Using DRAM and Persistent Memory
With the memory configured, there are several ways to utilize it. The simplest is to use the numactl
utility to bind an application or process to it. For example, we can start a new process and bind it to specific CPU NUMA nodes and Memory NUMA Nodes that use only persistent memory:
numactl --cpunodebind=0-1 --membind=2 command [options]

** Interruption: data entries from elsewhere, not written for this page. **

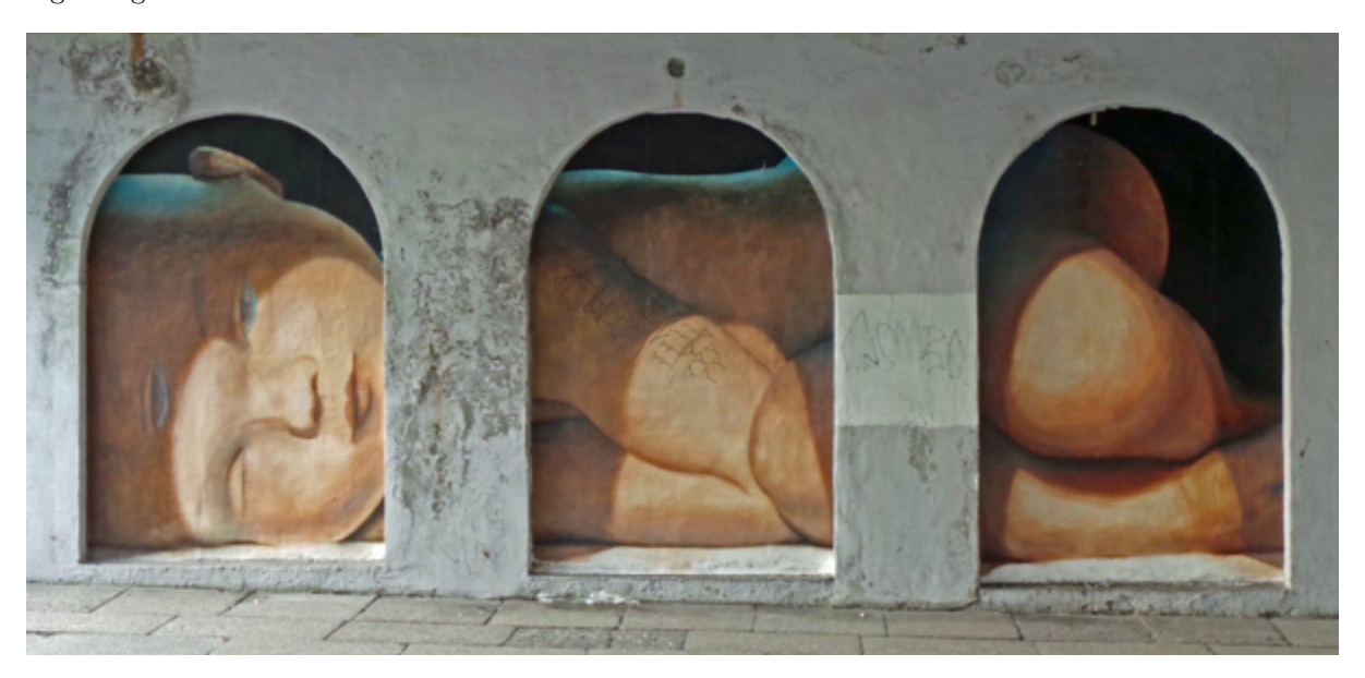
"Awakening": paste-up, Smørsbroen, Bergen, Norway; 2016.

AFK made the large-scale "Awakening" on a wall next to a busy thoroughfare in Bergen in 2016. The "piece" became a cherished part of an otherwise unexciting building surface, and when it was finally removed by the National Roads Authority it caused an outcry, culminating in a change in their policy regarding street-art.
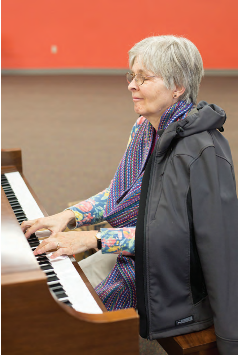
Annual Session photograph by Nony Dutton
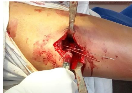
DHS guide wire placed

Lateral incision is placed over mid of greater trochanter to extend distally. Soft tissue is dissected, vastus lateralis is elevated to expose lateral cortex of femur. A DHS guide wire is placed in centre of the neck in both AP and Lateral views under fluoroscopy. Cortical window is created with the help of drilling the cortex with 8 mm reamer over guidewire that opens into lesion and decompresses the cavity. Window created is large enough that allows complete curettage of the lesion .The material obtained from lesion examined grossly and send for histopathology. Curettage of lesion is done with a curettage spoon. The harvested fibula is then sized accordingly to get fit into the defect snugly. Fibular graft is gently hammered into the defect over centrally placed guidewire through the cortical window supplemented by two 6.5 mm cannulated cancellous screws without crossing capital physis.
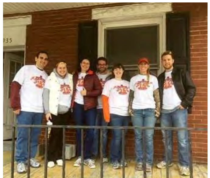
Western Maryland Hokies contributed manpower for a Habitat for Humanity build project
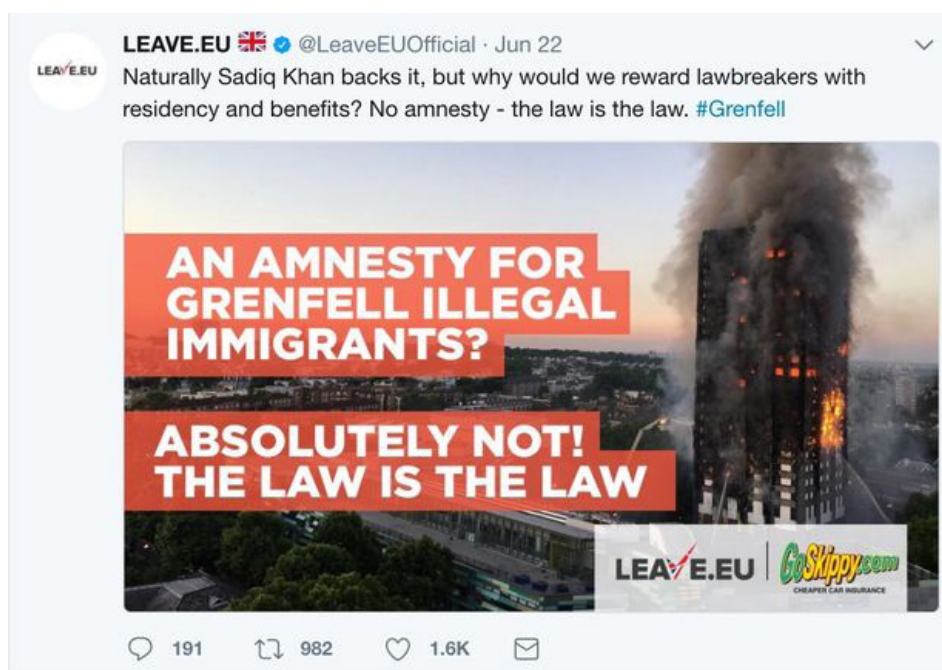
Fig. 3. LEAVE.EU message published on Twitter on 22 June 2017, days after the Grenfell fire.

roost. Thus, thirdly, when the multi-cultural inhabitants of the former empire began to ‘come home’, the sense of resentment grew. Islamophobia and racist dispositions towards Eastern Europeans and others grew. These found their way into anti-European Union rhetoric and the idea not only that the EU was responsible for ‘illegal immigration’ but that the UK had no power to stop this. This sense of powerlessness has been inflamed by the buffoonery of ‘vassal state’ utterances by Johnson, Jacob Rees-Mogg, Farage and other leading ‘bastards’ or ‘bad boys’ 15 that, as Lammy (2018) has rightly said, conjure sightings of a darkening horizon beneath which lurk the malignant shadows of Tommy Robinson and his fascist thugs. An example of this came to light in 2017, following the Grenfell fire. The largest single donor to the Vote Leave movement, Arron Banks, launched a photograph of Grenfell Tower on the LEAVE.EU Twitter account (see Figure 3). Across the picture was the text ‘An amnesty for Grenfell illegal immigrants? Absolutely not! The law is the law’. Next to the group’s logo was another one, of Banks’s GoSkippy.com insurance company. The Daily Mirror re-published Banks’s image in a double page spread excoriating its author and his associates. We return to the image in part III.
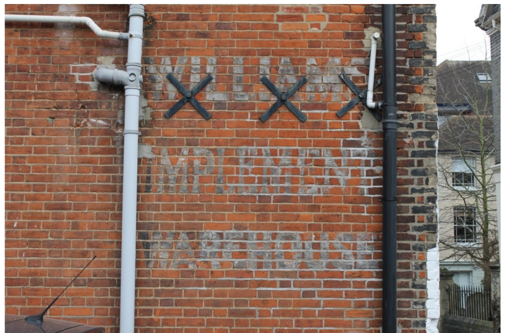
Plate 14 Painted sign on west wall of the Victoria Chambers - view east
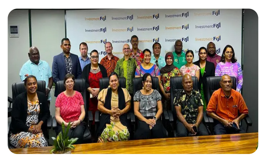
Participants from various Pacific Island countries who attended the week-long training workshop.

The World Bank Group has undertaken a new initiative to support Pacific Island Countries (PICs) in building their capacities for investment promotion.
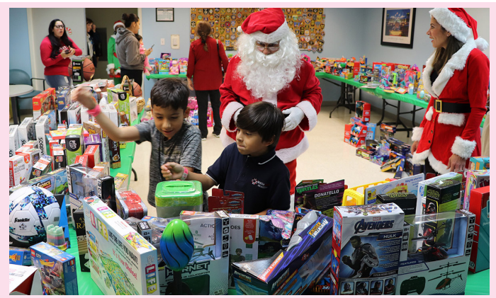
Last year's toy give-away event for children at Town Hall.
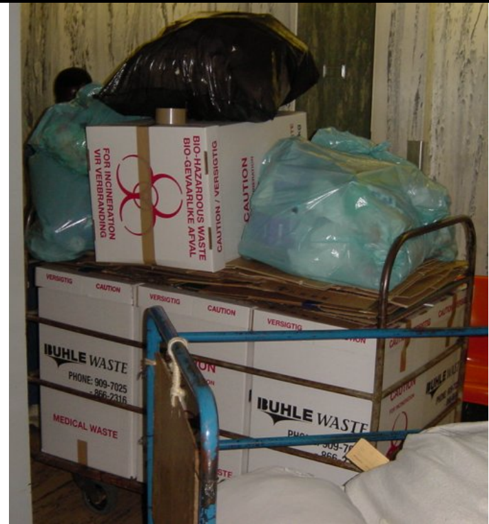
Internal collection of cardboard boxes with HCRW
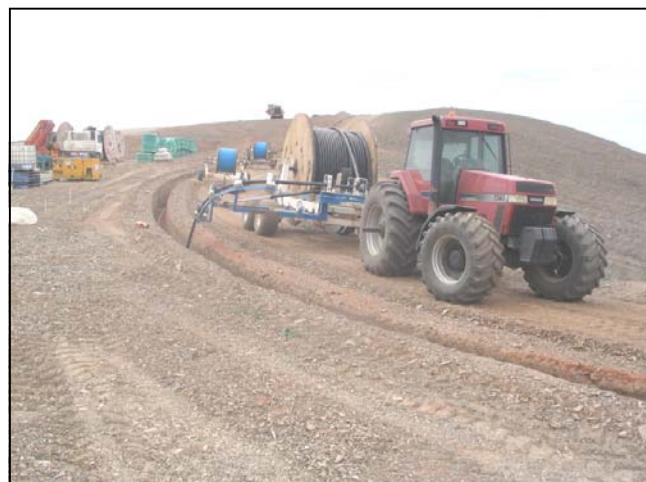
Electrical cable laying during construction

Access tracks to each turbine, usually made of gravel, need to be between 6 and 12 metres in width during construction. Interconnecting electrical cabling between

Another way to use the memory is to use the Memkind Library in your application which can then determine where to allocate memory from - DRAM or PMem. There’s a fantastic introduction to this topic at https://pmem.io/2020/01/20/memkind-dax-kmem.html .
Unassigning Memory
Assigning new memory is far easier than trying to unassign or deallocate it as even a single allocated byte can prevent you from deallocating previously allocated memory. Those challenges will no doubt be addressed if this feature becomes popular. It’ll require memory copies and updating virtual memory address pointer to achieve it correctly. For now, you may have to stop the application or restart the system to fully tear things down if you can’t do it dynamically.
1. Offline the Memory
$ sudo daxctl offline-memory dax0.1
dax0.0: 62 sections offlined
offlined memory for 1 device
2. Destroy the DAX Device
$ sudo ndctl list -N
[
{
"dev":"namespace0.1",
"mode":"devdax",
"map":"dev",
"size":12681478144,
"uuid":"328c2736-c538-4772-ae73-ba0338d49efb",
"chardev":"dax0.1",
"align":2097152
},
...
$ sudo ndctl destroy-namespace namespace0.1
An example of what a failure looks like is:
$ sudo daxctl offline-memory dax0.1
libdaxctl: offline_one_memblock: dax0.1: Failed to offline /sys/devices/system/node/node2/memory107/state: Device or resource busy
dax0.1: unable to offline memory: Device or resource busy
error offlining memory: Device or resource busy
offlined memory for 0 devices
In this particular example, the reason for the failure is that the Kernel has already used the new memory for running processes:
# fuser -c /dev/dax0.1
/dev/dax0.1: 1 491rc 1588 1636 2209 2212 2250 2278 2279 2280 2282 2293 2294 2297 2299 2301 2303 2305 2320 2324 2328 2330 2331 2334 2336 2362 2364 2370 2374 2380 2433 2434 2604 2606 9892 9895 14262 22846 22847 22849 30785 30789
There is no current solution to stop new allocations to the DAX backed memory address range and migrate existing allocations to DRAM or another DAX backed address range.
Rebooting the system will assist in removing the DAX backed memory.